■ **WORK INSTRUCTIONS**
Your job is to print, exactly, the lines in the data below from the line with "AML officers help" through the line with "12月15日,周口市委常委、", both included, and to omit any picture.

-- EXTRACTED ENTRIES follows --

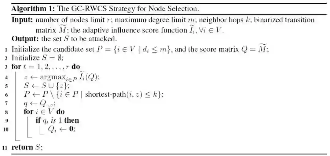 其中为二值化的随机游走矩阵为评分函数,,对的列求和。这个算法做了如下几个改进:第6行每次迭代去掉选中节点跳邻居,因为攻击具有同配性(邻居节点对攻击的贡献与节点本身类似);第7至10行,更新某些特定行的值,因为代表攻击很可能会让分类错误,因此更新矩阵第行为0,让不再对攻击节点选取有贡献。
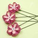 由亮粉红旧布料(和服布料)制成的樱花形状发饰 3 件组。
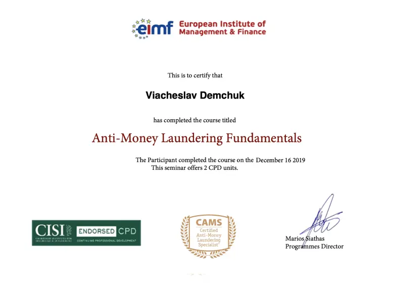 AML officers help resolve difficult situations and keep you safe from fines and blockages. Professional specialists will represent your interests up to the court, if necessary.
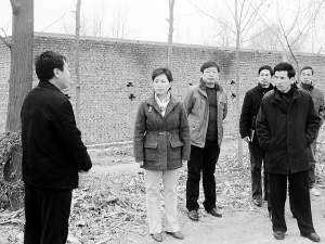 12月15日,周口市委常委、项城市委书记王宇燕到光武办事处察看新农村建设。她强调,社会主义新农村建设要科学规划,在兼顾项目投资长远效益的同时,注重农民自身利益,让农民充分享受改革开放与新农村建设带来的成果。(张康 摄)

-- EXTRACTED ENTRIES concluded --
-- EXTRACTED ENTRIES follows --

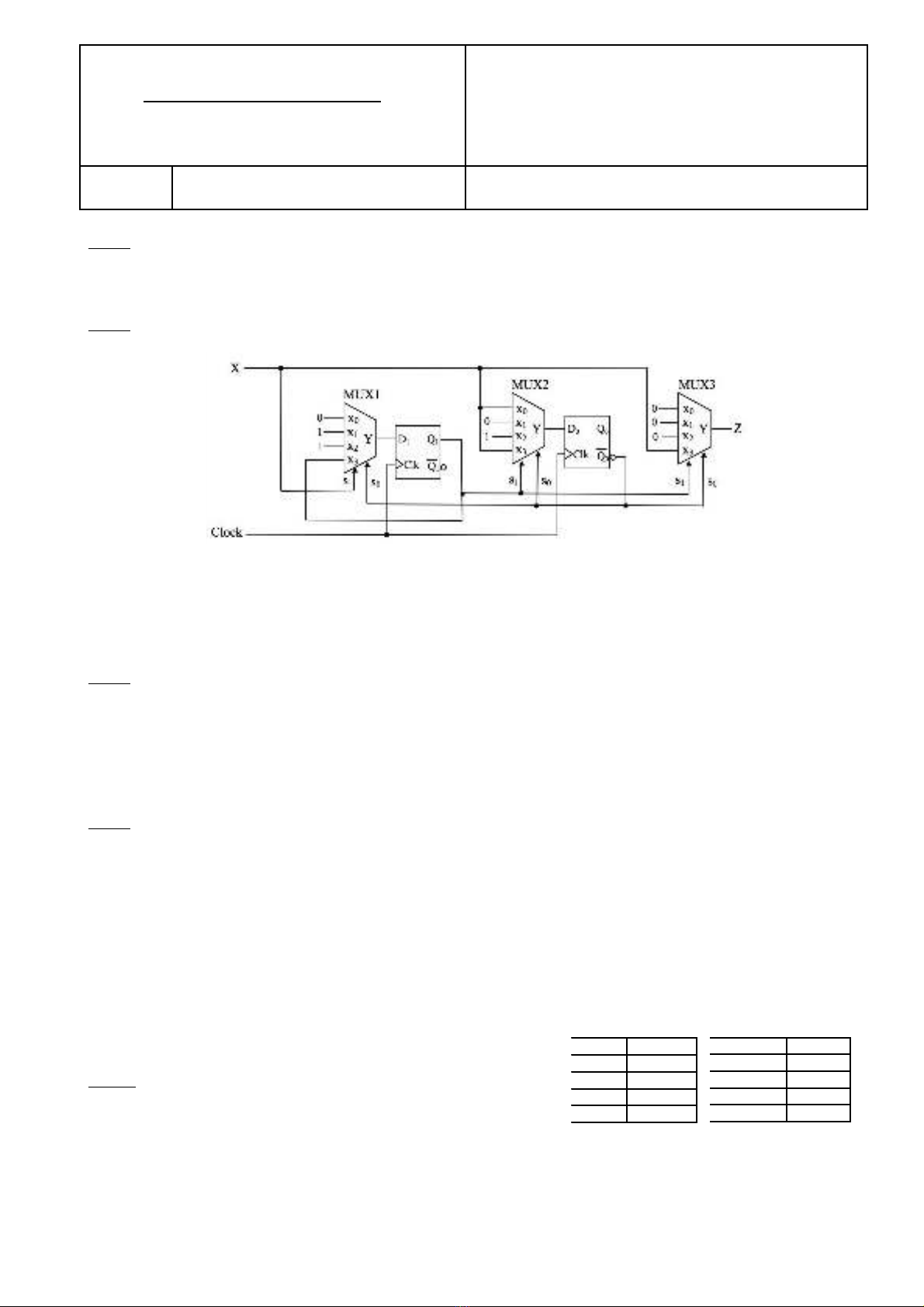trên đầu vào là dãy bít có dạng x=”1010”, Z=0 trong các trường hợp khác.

-- EXTRACTED ENTRIES concluded --

■ **ANSWER TO THIS PROBLEM**
 AML officers help resolve difficult situations and keep you safe from fines and blockages. Professional specialists will represent your interests up to the court, if necessary.
 12月15日,周口市委常委、项城市委书记王宇燕到光武办事处察看新农村建设。她强调,社会主义新农村建设要科学规划,在兼顾项目投资长远效益的同时,注重农民自身利益,让农民充分享受改革开放与新农村建设带来的成果。(张康 摄)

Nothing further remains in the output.